In Halliburton Co. v. Erica P. John Fund, Inc., a rebuttable presumption must yield to the evidence at class certification.

In Halliburton Co. v. Erica P. John Fund, Inc., a rebuttable presumption must yield to the evidence at class certification.
On June 23, 2014, the United States Supreme Court sustained the “fraud-on-the-market” doctrine that has long aided the plaintiff’s bar in advancing shareholder class action lawsuits. The fraud-on-the-market doctrine presumes that where a company’s stock trades in an efficient market, publicly known, material misrepresentations or omissions will be absorbed into the stock price which most investors rely upon in making their investment decisions. Thus, under this doctrine, if a shareholder purchases stock after a company’s misstatement is made but before the truth is revealed, the courts will presume that shareholders relied upon the defendant’s misrepresentations and omissions when deciding to purchase shares in the company. Critically, if the presumption of reliance applies, plaintiffs do not need to prove they in fact relied on or even knew about the defendant’s misrepresentation — an element of a securities fraud claim that otherwise cuts against class certification. In Halliburton, notwithstanding developments in economic theory casting doubt on the efficient market hypothesis, the Supreme Court left intact the fraud-on-the-market doctrine and its all-important presumption of shareholder reliance.

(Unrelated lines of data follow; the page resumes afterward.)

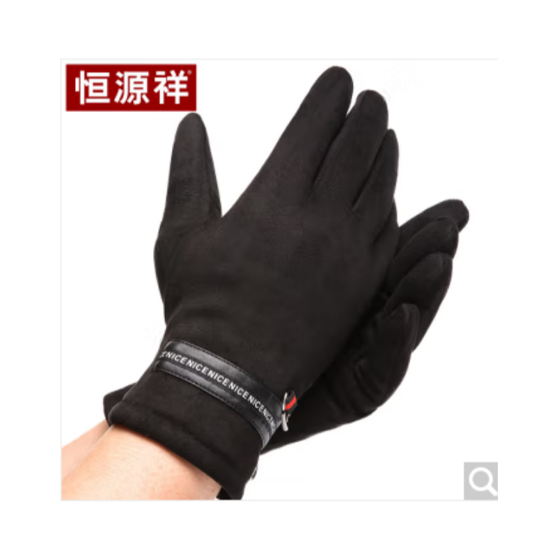 恒源祥 50M19938黑色 厚款加绒麂皮绒触屏户外骑行手套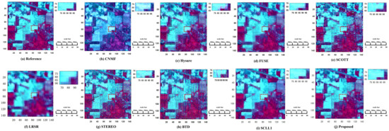 - Mu, T.; Nie, R.; Ma, C.; Liu, J. Hyperspectral and panchromatic image fusion based on CNMF. In Proceedings of the 2021 3rd International Conference on Advances in Computer Technology, Information Science and Communication (CTISC), Shanghai, China, 23–25 April 2021; IEEE: Piscataway, NJ, USA, 2021; pp. 293–297. [Google Scholar]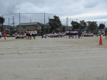 体育大会(その12 3年生学年種目 どんどん変わるよ!みんなで走れ!99人100脚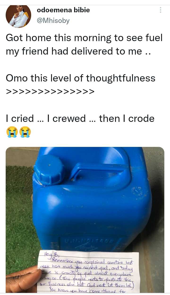 Odoemena Bibie, a young woman, has disclosed to netizens how a friend moved her to sobs by gifting her a gallon of fuel during the nation’s petrol scarcity problem.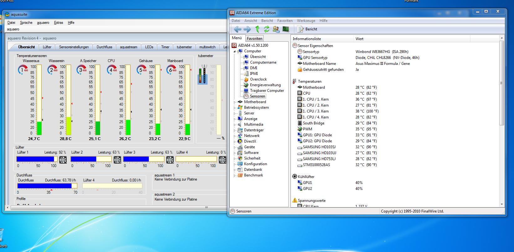 Lol, geilSeit heute läuft bei mir eine GTX 570. Das Teil wird so heiß, das die aufsteigende Wärme den Sch... trüben, UV Aktiven AC Schlauch so warm macht, das die Anschlüsse am CPU und Northbridge Kühler undicht wurden. Das Wasser tropfte schön auf die Graka. Nach ein paar Minuten viel Monitor Nr. 2 aus. Wenig später auch auf Monitor 1 Probleme.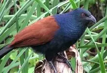 褐翅鸦鹃,是鹃形目鸦鹃科鸦鹃属的鸟类。褐翅鸦鹃的身体为黑色;头颈和胸带蓝紫色金属光泽并具黑亮的羽干纹,下胸至腹部泛金属绿光泽;两翼和肩部为棕栗色,外侧飞羽具暗色羽端,尾羽闪铜绿色光泽;虹膜赤红色,…全部>>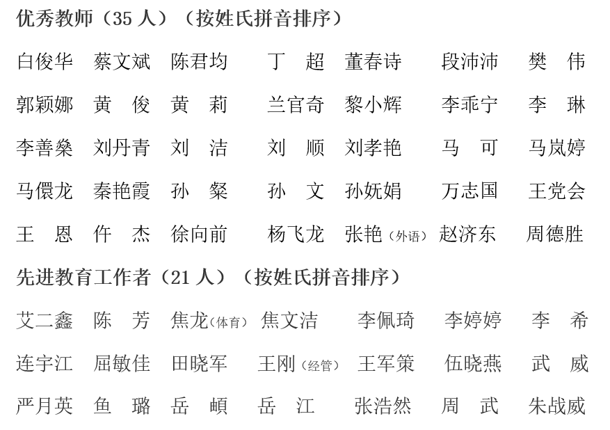 根据《Beat365唯一官方网站优秀教师 先进教育工作者评选表彰办法》(Beat365唯一官方网站党[2021]47号)和《关于2024年度优秀教师、先进教育工作者推荐评选的通知》,经学校优秀教师、先进教育工作者评选表彰工作领导小组评选,现将2024年优秀教师、先进教育工作者公示如下: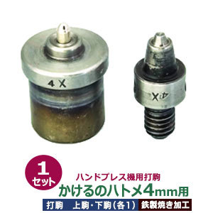 | 品 名:ハンドプレス打駒【かけるのハトメ4mm用】 サイズ:上駒幅13mm高31mm軸幅8mm :下駒幅22mm高29.5mm軸幅19mm 材 質:鉄製焼き加工 詳 細:上駒下駒1セット入 ご注意ください:お手持ちのハンドプレス機によっては、 合わない場合もございます。また、工具類は消耗品のため 開封・未開封に関わらず返品交換いたしかねますので、 ご確認の上、ご購入ください。 当店の工具類は、当店の金具に合わせて作っております。 ご使用の際には、当店の金具をご利用ください。 ●ハンドプレス機は下記です。 ・ハンドプレス機 ●ハンドプレス機打駒は下記です。 ・各種打駒 ●プロ用手打ち工具は下記です。 ・プロ用手打ち工具 ●ハトメの大きさは下記です。 ・かけるのハトメはコチラ ・ハトメはコチラ ・両面ハトメはコチラ ・アイレットはコチラ ■クラフト金具卸のハンドプレス打駒 小型のハンドプレス機にセットし、金具に圧力をかけ、取り付けるための先端用部品工具です。上駒と下駒のセットを打駒と呼び、カシメやハトメ、ホックなどの金具にあわせて打駒をご用意しています。 ハンドプレス機を使用すると、力にない方でも比較的簡単で綺麗にハトメなどの金具を取り付けられます。 ●クラフト金具卸のハンドプレス打駒ハトメ・アイレット用 ハトメ・アイレット用打駒は、ハトメの番手ごとに駒が変わりますが、足長・足短は同じ駒が使えます。 また真鍮製ハトメと、アルミ製ハトメは同じ駒が使えますが、ステンレス製ハトメは耐久性により、ステンレス専用の打駒をご使用ください。 ●ハンドプレス機への取り付け方 ・レバーと連動した芯棒の下に「上駒」をとりつけ、下の台座部分の穴に「下駒」を取付けます。 ●ハンドプレス機を使った金具の取り付け方 1.ハトメ抜き・穴あけポンチと呼ばれる工具でハトメの足を通す穴(ほぼ内径と同寸法の穴)をあける。 2.専用の駒をセットしたハンドプレスを用意します。 3.ハンドプレス機台座にセットした下駒の上にハトメの足を上にして載せます。 4.ハトメ足の上に穴を開けた布などを置きます。 5.ハトメ足の上の布などを挟む形でハトメ座を載せます。 6.ハンドプレス機のレバーを引き下ろします。 |

The Supreme Court, after sustaining the fraud-on-the-market doctrine in the form of a legal presumption of reliance, then addressed at what stage of the lawsuit a defendant may properly rebut the presumption with evidence that the alleged misrepresentation did not in fact impact the share price. In Halliburton, plaintiff argued that a defendant’s so-called rebuttal evidence on lack of price impact should not be considered until the parties reach the merits of the case, such as trial. Halliburton, the defendant, argued in contrast that lack of price impact evidence should be admissible for purposes of deciding whether the lawsuit should be certified as a class action. The Supreme Court sided with Halliburton. As a result, going forward, defendants in securities fraud cases may submit evidence on lack of price impact in order to defeat class certification.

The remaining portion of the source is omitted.